Could you please let me know if the fix is incorrect (or not elaborated
enough to be included in the upcoming releases) or this issue is false
positive?

Best regards,
Alexander





Alexander Lakhin <exclusion@gmail.com> writes:
>> Please look at the patch that modifies the gist regression test to make
>> the issue visible and fixes it by avoiding access to the memory context
>> that can be reset in gistProcessEmptyingQueue().

> Could you please let me know if the fix is incorrect (or not elaborated
> enough to be included in the upcoming releases) or this issue is false
> positive?

I took a look at this.  I see the hazard, but I'm not sure that
I like your proposed quick-fix.  Essentially, the problem is that
gistBuildCallback is supposing that the tuple it creates will survive
the execution of its subroutines, which in fact it won't always.
But that means that at some point the tuple pointer it's passed down to
those subroutines becomes a dangling pointer.  What guarantee would we
have that the subroutines don't access the tuple after that point?

I think the real issue here is confusion about which level of function
"owns" the tempCxt and gets to decide when to reset it.  We can't have
both gistBuildCallback and gistProcessEmptyingQueue doing that.  Maybe
we need more than one temporary context, or maybe we could just skip
the context reset in gistProcessEmptyingQueue and let the storage
accumulate till we get back to gistBuildCallback.  But in any case
it's going to require more analysis.

Or, if we do just hack it as you suggest, there had better be a couple
of fat comments in gistBufferingBuildInsert warning about the hazards.

I was somewhat dismayed to realize from looking at the code coverage
report that we have exactly zero test coverage of the gist buffering
build code paths today.  That's just awful; how did the feature get
committed with no test coverage?  Your proposed test additions raise the
coverage in gistbuild.c and gistbuildbuffers.c to something respectable,
at least.  But it looks like there are still some potentially-delicate
paths that aren't tested, notably the "have to stop buffering" business.
Can we do better at reasonable cost, or are those paths just never
reached without huge data volume?  (Could we make them more reachable
by turning down maintenance_work_mem or some other setting?)
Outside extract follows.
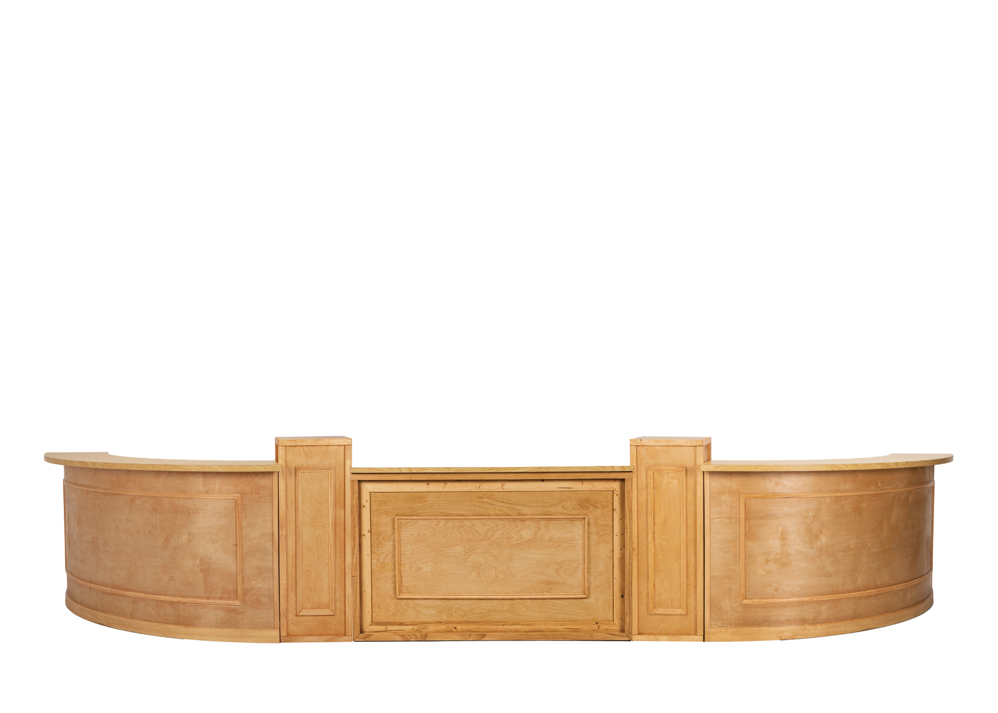 Stately light wood half oval bar with crown molding detail and a light wood bar top. This large unique shape is a focal point for any event! Event Images by Stephanie Whitehill Photography, Liz Andolina Photography and Allison Dash Photography.

            regards, tom lane



Hello Tom,
05.05.2020 21:59, Tom Lane wrote:
Could you please let me know if the fix is incorrect (or not elaborated
enough to be included in the upcoming releases) or this issue is false
positive?
I took a look at this.  I see the hazard, but I'm not sure that
I like your proposed quick-fix.  Essentially, the problem is that
gistBuildCallback is supposing that the tuple it creates will survive
the execution of its subroutines, which in fact it won't always.
But that means that at some point the tuple pointer it's passed down to
those subroutines becomes a dangling pointer.  What guarantee would we
have that the subroutines don't access the tuple after that point?
Thanks for your review!
Yes, I'm not excited by this fix too, so I'll try to find another not so quick way to fix it.
Or, if we do just hack it as you suggest, there had better be a couple
of fat comments in gistBufferingBuildInsert warning about the hazards.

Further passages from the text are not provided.